Here is a general formula when you are given two solutions \(\displaystyle y_{1}(t), \;\ y_{2}(t)\)
If you have a second order equation, \(\displaystyle y''+a_{1}(t)y'+a_{2}y=b(t)\)
We have \(\displaystyle W_{1}(t)=-y_{2}(t), \;\ W_{2}(t)=y_{1}(t)\) for any pair of fundamental pair of solutions \(\displaystyle y_{1}(t), \;\ y_{2}(t)\) of a
homogeneous equation.
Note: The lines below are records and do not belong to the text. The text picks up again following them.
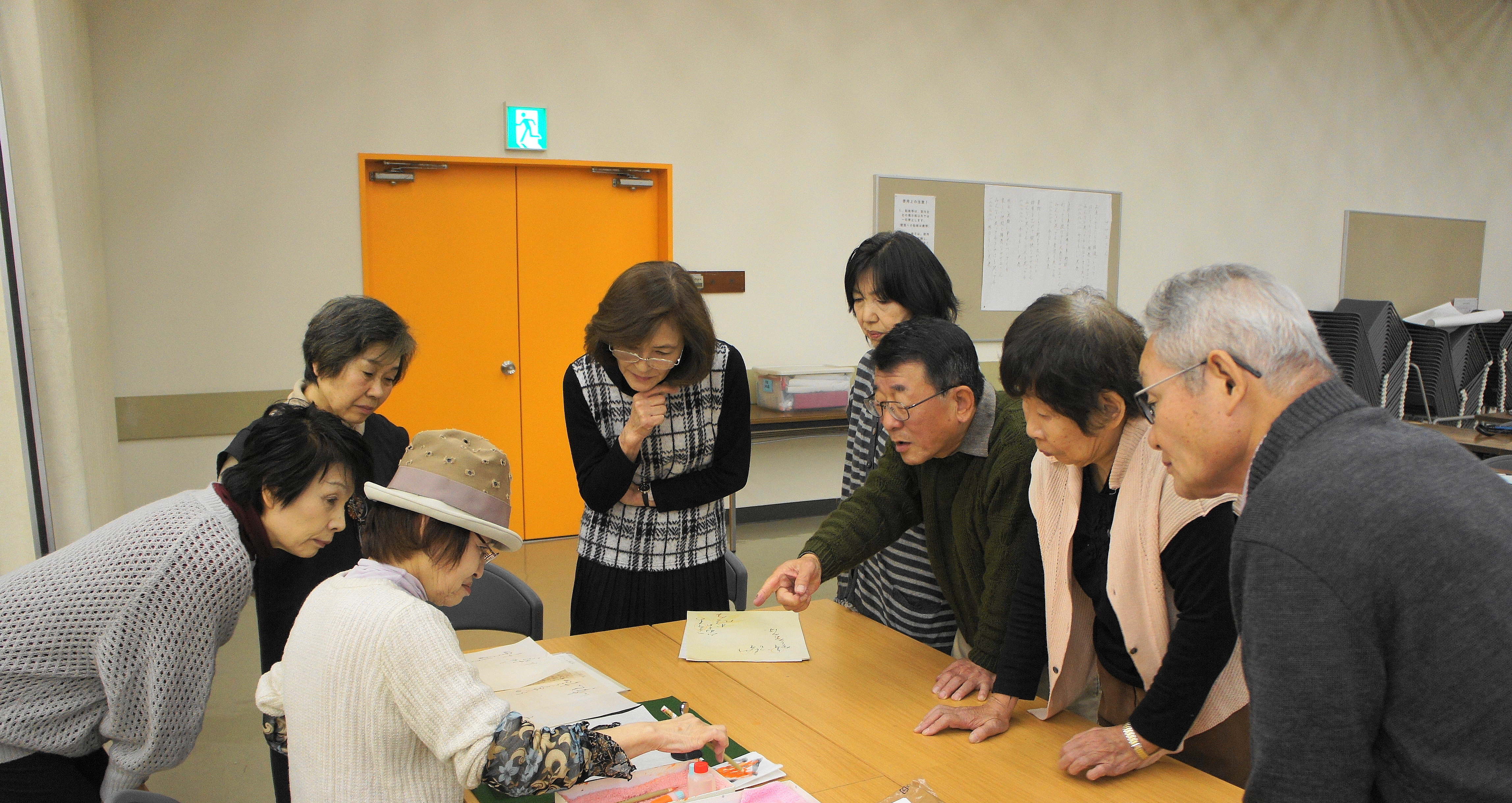 「かな」の文字は日本で生まれた、美しく、優しい『かな』は文章の中で漢字とうまくマッチして流れがよくなります。いろはの『い』の字から無理なく進めていきます。そして皆さんに親しみ深い百人一首の歌を書けるように練習していただきます。その歌を硬筆で書いて実用的にも役に立てればと思っております。一つの歌を半紙に小筆で練習したりその歌を各自、便箋に硬筆ででも書いて頂きます。小筆で年賀状を書いたり、自分で文字を書く事によって世界が広がります。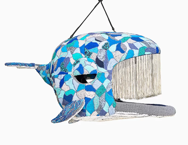 Hvert sæde er lavet af miljøvenlige materialer, som blev lavet i hånden af håndværkere i Cape TownHefer arbejdede tæt sammen med Ronel Jordaanmed hvilke disse store væsner blev forvandlet til tekstilskulpturer, som er hæklet, syet og broderet med unikke dekorationer.
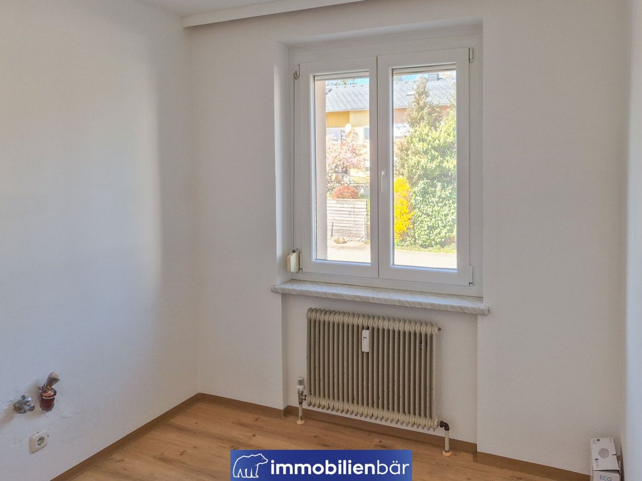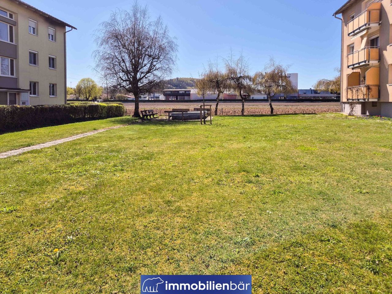 Ein besonderes Highlight ist der südseitig ausgerichtete Balkon, der für viel Tageslicht sorgt und zum Entspannen im Freien einlädt. Der davor gelegen Garten mit Spielplatz ist ideal für Familien, die ihre Kinder beim Spielen beaufsichtigen. Sämtliche Fenster sind mit Rollläden ausgestattet und bieten zusätzlichen Komfort sowie Sicht,- und Sonnenschutz. Die Küche ist nicht eingerichtet und bietet somit die...

If W(t) is their Wronskian, then the solution y(t) satisfying \(\displaystyle t(t_{0})=y_{0}, \;\ y'(t_{0})=y'_{0}\) is given
by, brace yourself, \(\displaystyle y(t)=c_{1}y_{1}(t)+c_{2}y_{2}(t)-y_{1}(t)\int_{t_{0}}^{t}\frac{b(s)y_{2}(s)}{W(s)}ds+y_{2}(t)\int_{t}^{t_{0}}\frac{b(s)y_{1}(s)}{W(s)}ds\). s is a dummy variable, so to speak.
Where \(\displaystyle c_{1}, \;\ c_{2}\) are constants chosen so that \(\displaystyle {\phi}(t)=c_{1}y_{1}(t)+c_{2}y_{2}(t)\) satisfies the initial conditions.
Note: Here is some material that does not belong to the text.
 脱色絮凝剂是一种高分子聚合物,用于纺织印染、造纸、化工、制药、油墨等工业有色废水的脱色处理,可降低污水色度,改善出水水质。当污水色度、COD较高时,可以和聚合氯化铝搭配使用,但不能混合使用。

I know....i know...it looks monstrous. But it is not as bad as it looks. You are given the info to solve. It is a general form to find the other solution.
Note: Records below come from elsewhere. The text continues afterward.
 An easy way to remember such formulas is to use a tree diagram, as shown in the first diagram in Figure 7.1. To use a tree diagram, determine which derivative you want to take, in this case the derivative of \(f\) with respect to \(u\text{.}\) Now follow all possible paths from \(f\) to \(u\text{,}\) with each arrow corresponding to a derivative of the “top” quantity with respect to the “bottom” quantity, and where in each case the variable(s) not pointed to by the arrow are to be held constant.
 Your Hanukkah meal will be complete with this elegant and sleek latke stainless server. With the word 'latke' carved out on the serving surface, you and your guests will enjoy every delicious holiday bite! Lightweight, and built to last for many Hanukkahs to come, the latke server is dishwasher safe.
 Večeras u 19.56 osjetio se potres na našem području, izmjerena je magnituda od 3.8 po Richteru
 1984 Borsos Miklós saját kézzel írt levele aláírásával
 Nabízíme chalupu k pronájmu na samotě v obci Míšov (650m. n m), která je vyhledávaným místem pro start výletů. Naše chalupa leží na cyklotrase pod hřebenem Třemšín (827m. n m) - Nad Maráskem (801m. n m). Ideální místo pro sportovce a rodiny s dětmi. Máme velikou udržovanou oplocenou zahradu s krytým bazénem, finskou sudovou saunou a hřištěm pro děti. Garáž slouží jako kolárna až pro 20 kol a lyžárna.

For instance, suppose we have \(\displaystyle y_{1}(t)=\sqrt{t}, \;\ y_{2}(t)=\sqrt{t}ln(t)\) are a solution of the fundamental system of solutions of the equation
\(\displaystyle y''+\frac{1}{4t^{2}}y=0\) and W(t)=1.
Using the expression and letting \(\displaystyle t_{0}=1\), we can find out that the solution y(t) satisfying y(1)=1 and y'(1)=3/2 of
\(\displaystyle y''+\frac{1}{4t^{2}}y=t^{\frac{3}{2}}\) is given by \(\displaystyle y(t)=\frac{8}{9}\sqrt{t}+\frac{2}{3}\sqrt{t}ln(t)+\frac{1}{9}t^{\frac{7}{2}}\)
This is what I use to solve many reduction of order problems. It can make them easier.